Bei einer 32jährigen Erstgebärenden wurde auf grund eines pathologischen Kardiotokogramms (CTG) in der 38. Schwangerschaftswoche eine primäre Sectio durchgeführt. Hierbei zeigte sich eine dreifache, straffe Nabelschnurumschlingung. Das Kind war primär vital bei einem APGAR von 7-9-9 und einem Geburtsgewicht von 2140 g. Der Kopfumfang war mit 33,5 cm in der 60. Perzentile gelegen. Äußere Mißbildungszeichen lagen nicht vor, Herz und Lunge waren auskultatorisch unauffällig. Bei der Labordiagnostik waren massenhaft Normoblasten und eine Leukozytose von 120.000 bei einer normalen Erythrozytenzahl und einem normalen Hämoglobinwert aufgefallen. Die starke LDH-Erhöhung auf 3880 U/L und Bilirubinerhöhung auf 8,2 mg% mit einem Anteil von nur 0,2 mg% direktem Bilirubin waren hinweisend auf eine hämolytische Anämie, wobei der direkte Coombs-Test negativ war.

Im weiteren Verlauf war das Bilirubin auf maximal 13,3 mg% angestiegen. Die Leukozytose, bedingt durch die Normoblastenvermehrung, normalisierte sich spontan ohne spezifische Therapie.

Bei der Sonographie des Schädels fand sich eine deutliche Asymmetrie der Seitenventrikel mit zusätzlichen Zeichen einer intraventrikulären Einblutung und einer diffusen periventrikulären Leukomalazie.

Die kernspintomographische Untersuchung erfolgte am 7. Lebenstag. Hierbei fand sich bei der T1-gewichteten Sequenz in der transversalen und sagittalen Schnittführung eine konstante Signalanhebung im Sinne eines fehlenden flow void im Sinus sagittalis superior, im Sinus rectus und transversus sowie zumindest von Teilen der V. cerebri interna (Abb. [1]). Die V. cerebri magna war deutlich dilatiert. Die anschließend angefertigte MR-Angiographie in der Phasenkontrasttechnik (TR 16, TE 8, Flipwinkel 15°, Flußsensitivität 20 cm/s) zeigte in den korrespondierenden Gefäßprovinzen keinen Fluß (Abb. [4]). Deutlich abgrenzbar war hierbei der Kollateralkreislauf intern über den Sinus cavernosus und extern nach frontobasal in das Stromgebiet der V. jugularis externa.

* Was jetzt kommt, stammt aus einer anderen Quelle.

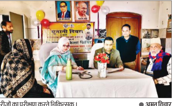
मरीजों का परीक्षण करते चिकित्सक।

लाइनों के जर्जर तार टूटना, पेड़ों की कटाई छंटाई नहीं होने की वजह से क्षेत्र की आपूर्ति बाधित होत रहती है। पेड़ों की छंटाई नहीं होने के कारण लाइनों में हुए मामूली फॉल्ट को तलाशने में काफी समय लग जाता है। काफी देर तक बिजली नहीं आने से उपभोक्ताओं को काफी परेशानियों का सामना करना पड़ता है। रविवार की सुबह साढ़े 33 केवी की लाइन के जर्जर तारों, पुराने बिजली के पोल बदलवाकर नए लगाए गए हैं। इसके लिए पूर्वाह्न 11:30 से दोपहर तीन बजे तक शटडाउन लिया गया था। -इमरान खान, एक्सईएन प्रथम ग्यारह से दोपहर ढाई बजे तक 33 केवी लाइन के तारों को दुरुस्त कराने और नए बिजली के पोल लगाने का काम किया गया।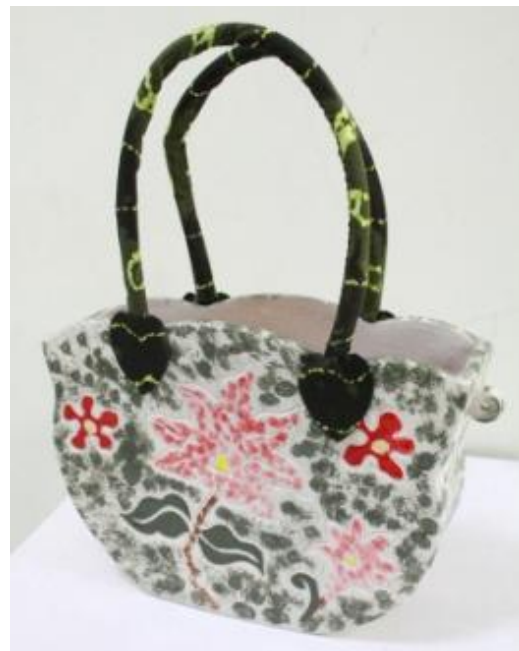
Judul Karya : Komposisi Furlang 3 Ukuran : 24,5 cm x 8,5 cm x 18 cm Teknik : Slab, gores Bahan : Stoneware, Kain Sasirangan, Mix Media Finishing : Glasir Suhu Bakar : 1150 Tahun : 2014

Paraventrikulär waren zusätzlich polyzyklisch begrenzte, fast das gesamte Marklager einnehmende, bei der T1-Gewichtung überwiegend signalintensive Areale abgrenzbar (Abb. [1]). Zentral waren noch hypointense Regionen zu erkennen. Bei der T2-gewichteten Sequenz war die Signalgebung heterogener. Frontal fand sich überwiegend eine Signalauslöschung mit ringförmiger Signalanhebung im Randbezirk. Okzipital zeigte sich außer dem signalintensiven Ring eine Signalzunahme in den zentralen Anteilen (Abb. [2]). Bei der Gradientenechosequenz waren Signalabschwächungen und Signalanhebungen zu sehen (Abb. [3]). Die Seitenventrikel ließen eine deutliche Aufweitung erkennen.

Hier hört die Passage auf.